Last night I woke up (again) at 3:00. I couldn’t fall back to sleep. My friends in Ukraine were heavy on my heart.
The Millers, our lovely missionary friends to a country in Asia, grieve the coup that ousted them and the stillborn child they recently buried.
The burdens of strained relationships, grieving loved ones, and uncertain futures somehow insist on parading across the stage of my mind in that early morning hour.
I find myself asking, “What are you up to, Lord?”
A word from C.H. Spurgeon encouraged me this morning.
He cited Psalm 16:10: ...you will not abandon me to the realm of the dead,
nor will you let your faithful one see decay.
This word has its proper fulfillment in the Lord Jesus; but it applies also, with a variation, to all who are in Him. Our soul shall not be left in the separate state, and our body, though it see corruption, shall rise again. The general meaning, rather than the specific application, is that to which we would call our reader’s thoughts at this particular time.

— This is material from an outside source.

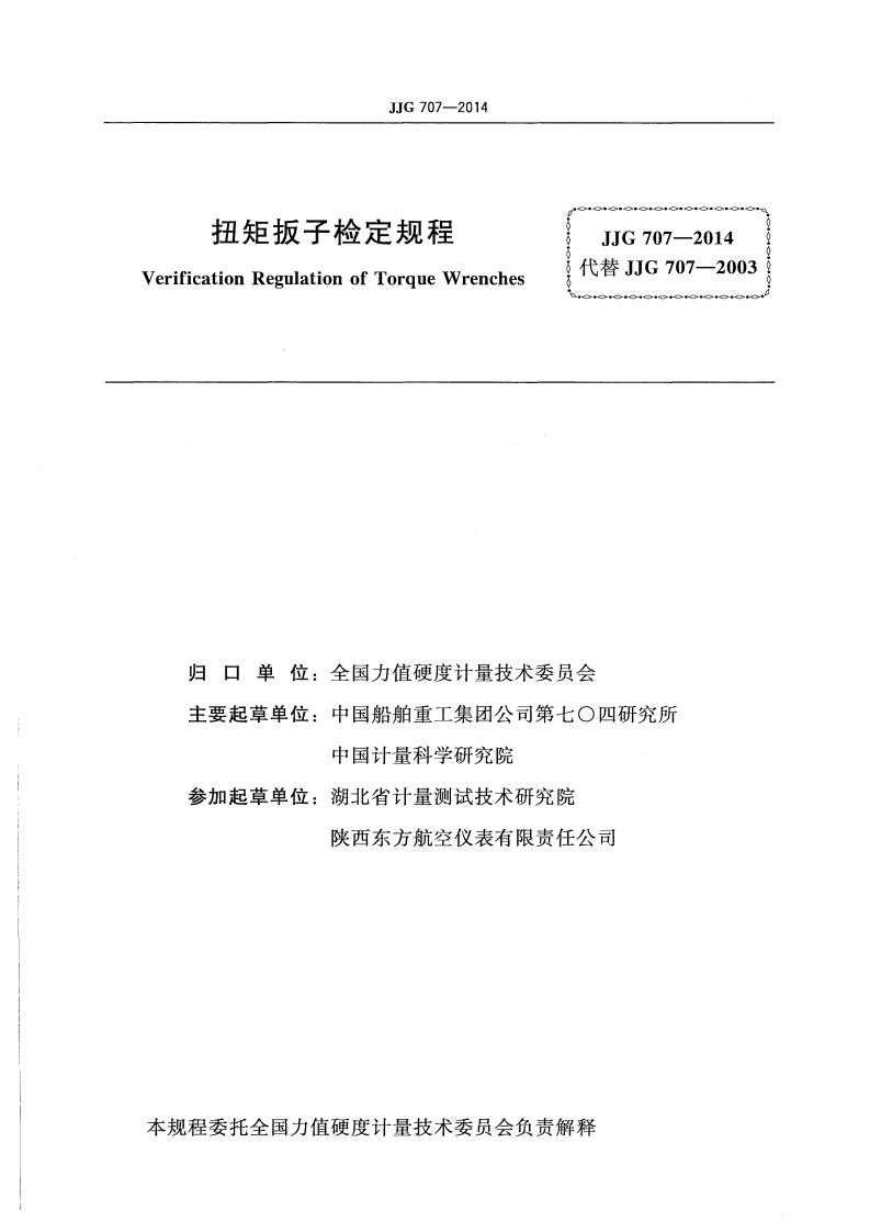 JJG707-2014扭矩扳子348072@abc4个月前发布关注私信0.52MB17页033JJG707-2014扭矩扳子此内容为付费资源,请付费后查看¥13¥18黄金会员免费钻石会员免费立即购买您当前未登录!建议登陆后购买,可保存购买订单付费资源 第1页 / 共17页 第2页 / 共17页 试读已结束,还剩15页,您可下载完整版后进行离线阅读 THE END标准规范 文本预览 可G中华人民共和国国家计量检定规程JJG707-2014扭矩扳子Torque Wrenches2014-06-15发布2014-12-15实施国家质量监督检验检疫总局发布 查看更多 收起部分 喜欢就支持一下吧收藏
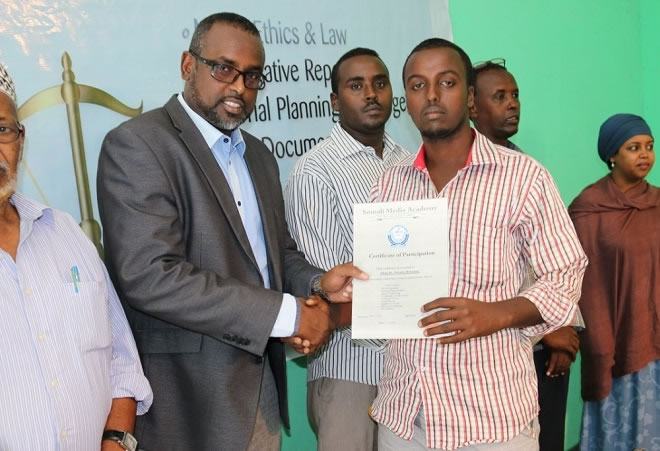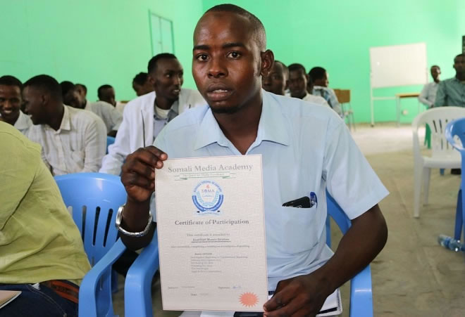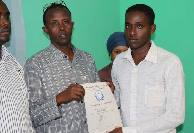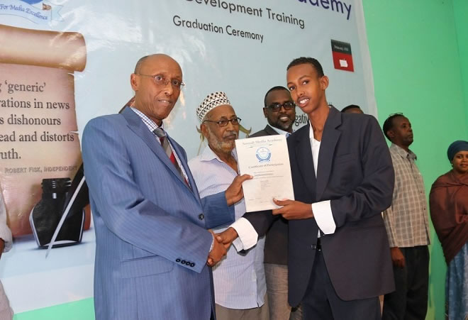 Talaado, Feberaayo 17, 2015 (HOL) — Illaa 120-arday ayaa loogu soo gunaanaday tababar saxaafadda Muqdisho, kaasoo ay ka baranayeen Machadka Somalia Media Academy oo bixiya tababarrada saxaafadeed.

We may descend in spirit very low till we seem to be plunged in the abyss of hell; but we shall not be left there. We may appear to be at death’s door in heart, and soul, and consciousness; but we cannot remain there. Our inward death as to joy and hope may proceed very far; but it cannot run on to its full consequences, so as to reach the utter corruption of black despair. We may go very low, but not lower than the Lord permits; we may stay in the lowest dungeon of doubt for a while, but we shall not perish there. The star of hope is still in the sky when the night is blackest. The Lord will not forget us and hand us over to the enemy. Let us rest in hope. We have to deal with One whose mercy endureth forever. Surely, out of death, and darkness, and despair we shall yet arise to life, light, and liberty.
Strengthen our faith and make us a believing, praying people, Lord Jesus.